「正理に反する」と非難された護法の立場から「三性は並起しえる」という証拠を引き論証する。
「故に瑜伽に説かく、若し聲の縁に遇いて定より起こるは、定相応の意識と倶に転じて余の耳識を生ず。」(『論』第五・十八右)
(その為に、『瑜伽論』(巻第六十三。大正30・650c)に次のように説かれている。
「若し聲縁に遇うて定より起こるは、定相応の意識と倶転して余の耳識生ず」と。)
『解深密経』に「意は五と同じく縁ず」と説かれ、又『集量論』には「五と倶なる意識は必ず現量なり」と説かれている。この論証は、第六意識の三性と五識の三性は同じ性になる。問は、第六意識が、五識と同じ三性ではないとどうしていえるのであろうか、ということなのです。この問いに対する答えが本科段になります。
「若し聲縁に遇うて定より起こるは、定相応の意識と倶転して余の耳識生ず」 と。
定中の意識は善性であり、声を聞く耳識の卒爾心は無記性である。その為に、性は不同であっても、善の第六意識と無記の耳識が並起しえるのであるという。『述記』には逸話を用いて説明しています。
「論。故瑜伽説至餘耳識生 述曰。下引證也。明此縁者。如大目連獼猴池側。坐無所有處定。有象哮吼・猨猴戲聲。即便出定。薩婆多師出已方聞。今此大乘聞已方出。若先不聞如何出定 問豈有無所有處心得縁欲界聲等境也 六十五等説廣惠聲聞有學・無學無色界心縁三界法。故得無違。六十三卷三摩?多地末説。謂有行人若遇聲縁從定起者。遇聲耳識與定相應意識倶轉起聞於聲。名遇聲縁從定而起 或復起者。即是耳識。此擧定中得起耳識 或者謂假者。即得定人由定中聞故出。」(『述記』第五末・六十三左。大正43・419c~420a)

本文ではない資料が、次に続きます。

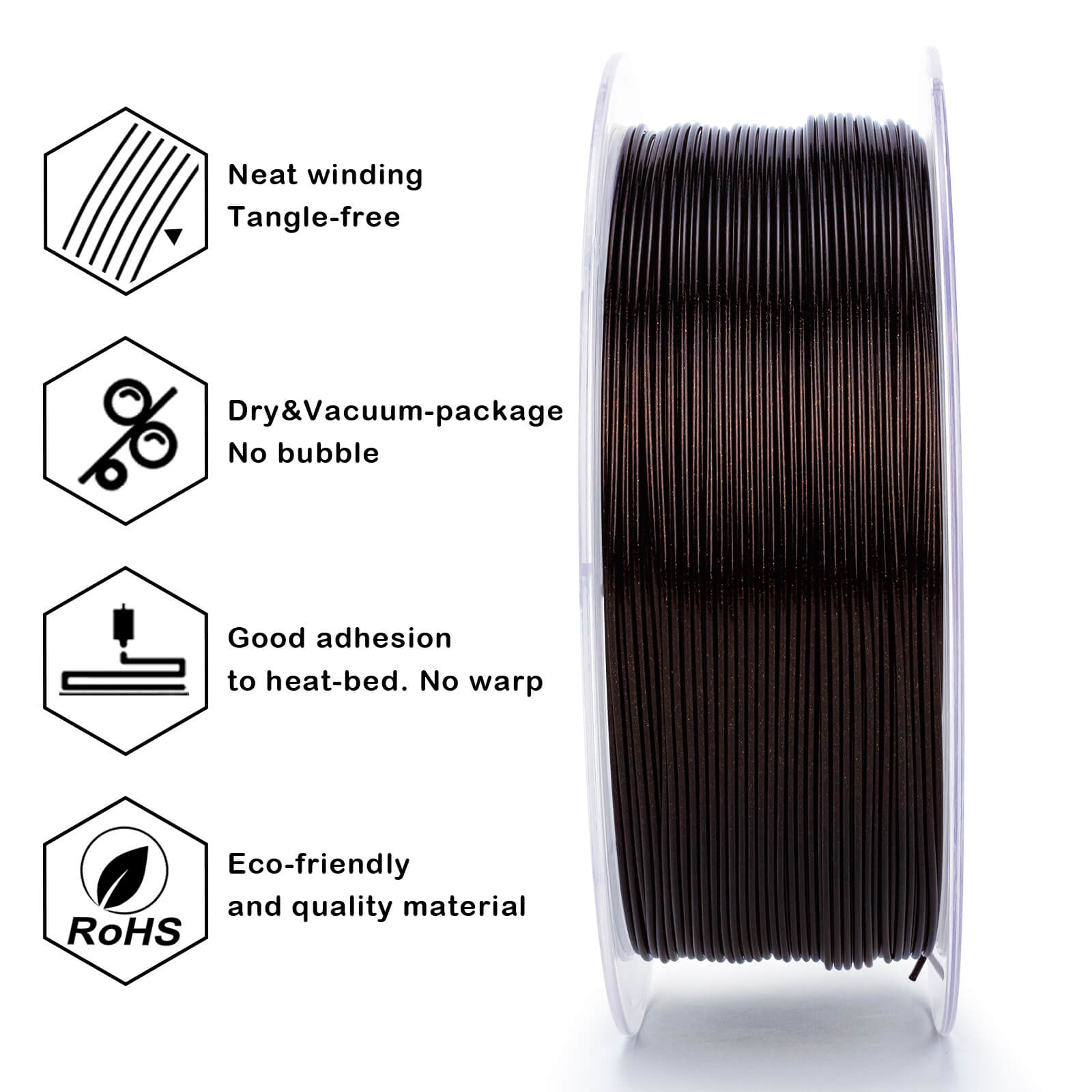 [Fits For Most FDM Printers]- ZIRO 3D printing filament works perfectly with most printers on the market. A plastic reel with a larger inner diameter design makes feeding smoother. Spool diameter: 7.99inch, spool width: 2.48inch, hub hole diameter: 2.36inch. (empty reel's weight is about 160-165g, rest filament weight mark in the backside of the reel)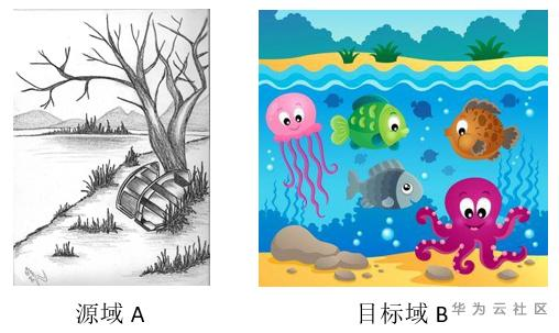以“素描”的源域A和“卡通剪纸”的目标域B为例,源域与目标域的图像如下图所示: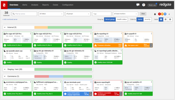 Redgate Monitor is built to scale with your database server estate. No matter how many databases or servers, wherever they are hosted, you can manage the health of your entire estate from a single screen with fast deep dive analysis.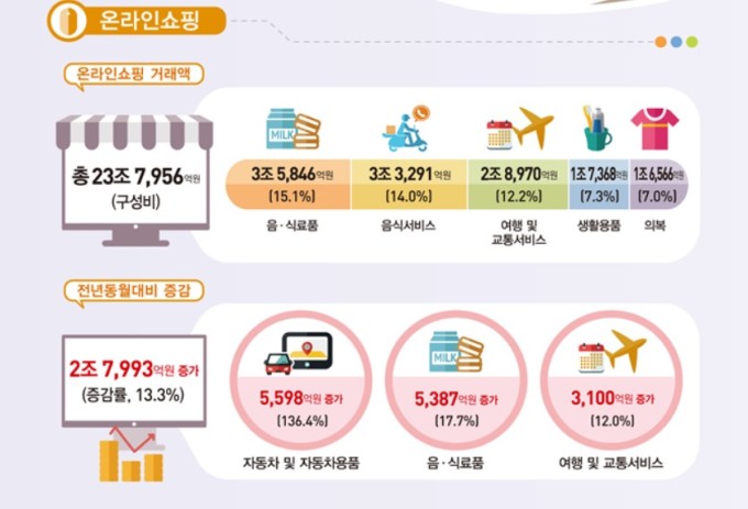 음식서비스와 여행 및 교통서비스는 각각 3조3291억원, 2조8970억원으로 음·식료품 뒤를 이어 거래액이 많았다. 1년 전과 비교하면 차례대로 1934억원(6.2%), 3100억원(12.0%) 증가했다.

(「述して曰く。下は証を引くなり。此の縁を明すことは、大目連の獼猴(びこうーさる)池の側に無所有処定に坐せしとく、象の哮吼(こうこうーほえる)猨猴(えんこう)の戲れの聲と有るをもって、即便ち出定せんが如き、薩婆多師は(定を)出で已って方に聞くと云う。今此の大乗は聞き已って方に出づ。若し先に聞かずんば如何ぞ出定せん。」)
一旦ここで切ります。逸話は、大目連が獼猴池の側で無所有処定に入っていた時、象の吠える声や猿の叫びを聞いて出定したということをもって説明しています。有部と大乗の立場の相違が明らかになっています。
- 大乗の立場 - 耳識が声を認識して、その後に第六意識が働き、そして定を出る。
- 有部の立場 - 定を出終ってから、声を聞く、有部の説明では定中には五識は消滅しているから、定を出ることを以て声を聞くという。
そして、大乗は、声を先に聞かなかったならば、どうして定から出るといえるのか、と問いを出します。
今日はここまでにしておきます。おやすみなさい。